Myra is an old lady now, but she feels that her formative years were spent being responsible for caring for her younger brother and sister, leaving her little time for herself. When Myra was a teenager her father, the sole family breadwinner, lost his job meaning that the family relied on minimal government support. Myra was used to not having much and was accepting of this, but she still recalls one particular Christmas where she had saved some money from ironing clothes and cleaning for a “well off” family. She felt delight in purchasing some little toys for her siblings in anticipation of their happiness. However, come Christmas Day when they excitedly opened their packages, she also remembers the searing criticism by her father of her wastefulness. The shame that she encountered that day has remained with her. She finds it hard to be positive when others are experiencing the joy of a celebration and can’t stand surprises.
Jimmy too, is in his twenties now, feels that birthday celebrations are tainted by feelings of sadness and anger. Unfortunately, his experience of being touched inappropriately by his uncle as an 8 year old, whilst everyone there was distracted during the singing of “Happy Birthday” to his sister, has left him feeling anxious and overwhelmed at family and social gatherings.
A celebration is usually a time with the people we most care about coming together to experience shared happiness and joy.

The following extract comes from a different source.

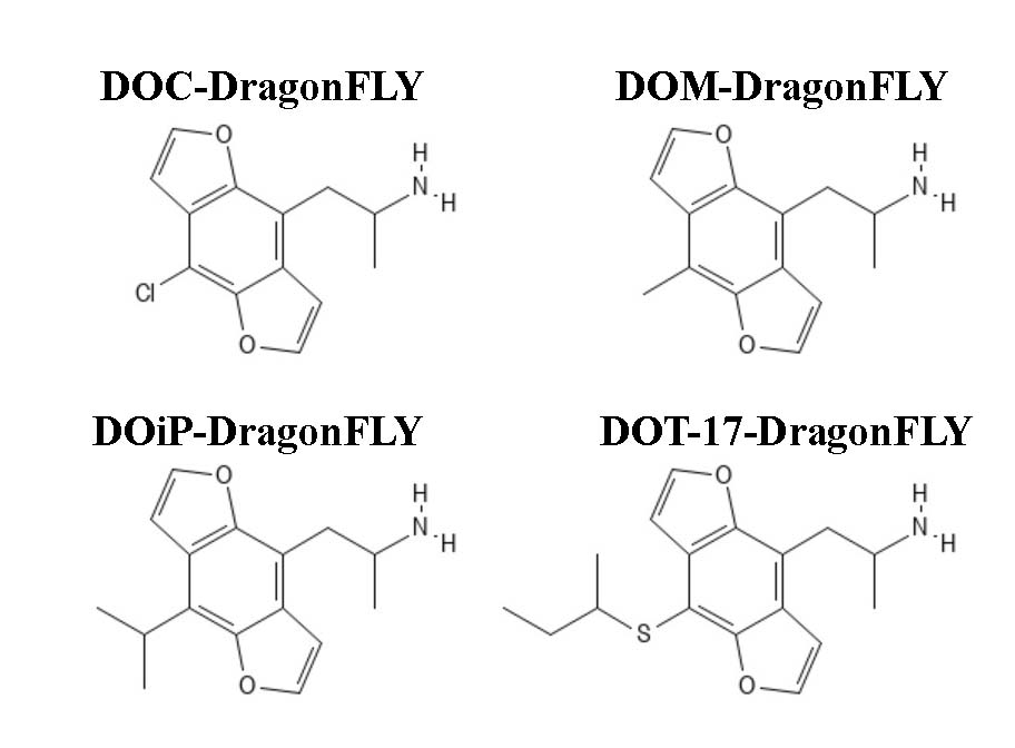 V roce 2002 bylo v rámci zkoumání vztahu mezi strukturou a aktivitou tohoto typu látek Jamesem Chambersem a Davidem Nicholsem vyrobeno11 Ψ-DOM-FLY. Podle všeho má dobrou afinitu, zvláště ve srovnání s původním Ψ-DOM. V souladu se zjištěními probíranými výše v tomto článku je na tom Ψ-DOM-DragonFLY ještě lépe.

Children and young people who have experienced trauma, and are separated from their family of origin whilst living with foster families or in residential homes, can be supported to experience these emotions too. Even amidst the sadness of their feelings of rejection. With some “child-centred” planning and forethought, a new emotional template of positive associations and memories can be created.
By exploring and reflecting with a child or young person what they may need to feel emotionally safe prior to the event, during and afterwards, along with a few tried and true ideas, a planned for celebration can succeed.
As trauma recovery and emotional safety is reliant upon the environment and the people in it connecting with the child to evoke calm, consistent, responsive and predictable support, it is worth considering the following ingredients to success:
What sort of celebration will feel “just right” for the child?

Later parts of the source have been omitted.